__EXERCISE BRIEF__. Pictures must be left out. Print the lines from the beginning of the material through the line holding "Crafted in 925", exactly and nothing else.

__RECORDED INFORMATION__.

= Beginning of Section =

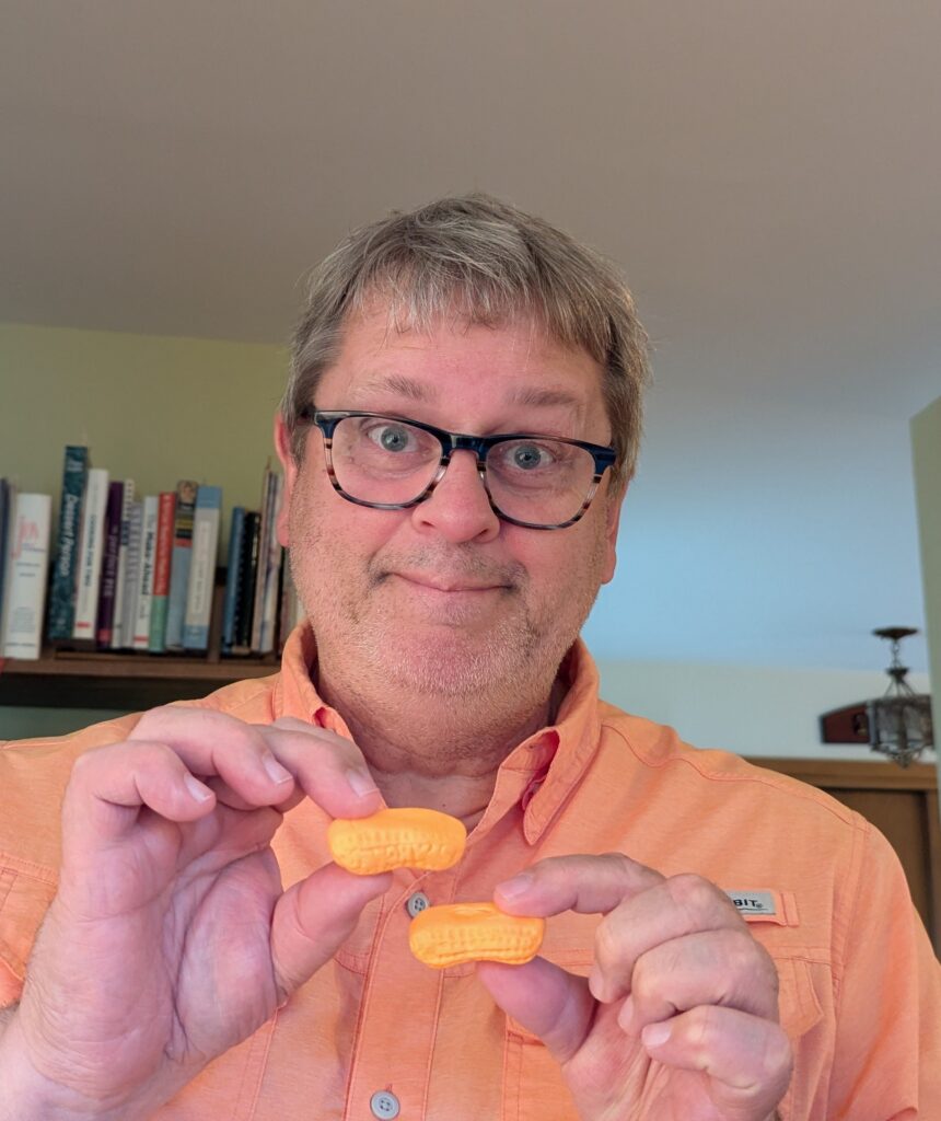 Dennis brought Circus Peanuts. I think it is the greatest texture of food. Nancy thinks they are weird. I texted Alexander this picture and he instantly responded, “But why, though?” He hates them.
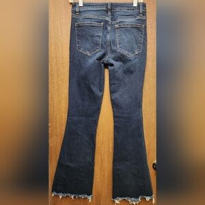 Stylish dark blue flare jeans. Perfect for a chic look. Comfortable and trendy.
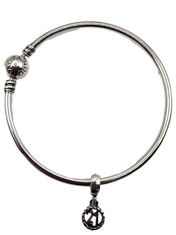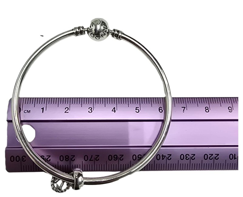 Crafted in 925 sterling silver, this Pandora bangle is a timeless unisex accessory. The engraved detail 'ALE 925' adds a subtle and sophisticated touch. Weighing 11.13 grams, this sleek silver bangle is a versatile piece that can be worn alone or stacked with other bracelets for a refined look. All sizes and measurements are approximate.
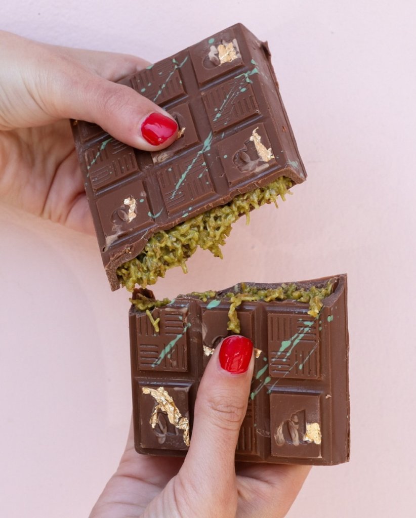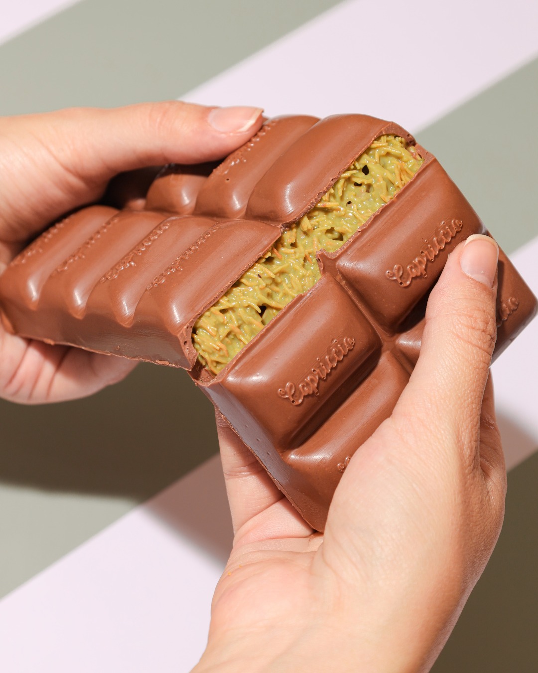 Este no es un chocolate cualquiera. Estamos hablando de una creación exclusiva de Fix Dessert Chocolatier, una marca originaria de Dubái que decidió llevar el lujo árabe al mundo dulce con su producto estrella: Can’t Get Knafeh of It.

= End of Section =

__FINISHED TASK__.
 Dennis brought Circus Peanuts. I think it is the greatest texture of food. Nancy thinks they are weird. I texted Alexander this picture and he instantly responded, “But why, though?” He hates them.
 Stylish dark blue flare jeans. Perfect for a chic look. Comfortable and trendy.
 Crafted in 925 sterling silver, this Pandora bangle is a timeless unisex accessory. The engraved detail 'ALE 925' adds a subtle and sophisticated touch. Weighing 11.13 grams, this sleek silver bangle is a versatile piece that can be worn alone or stacked with other bracelets for a refined look. All sizes and measurements are approximate.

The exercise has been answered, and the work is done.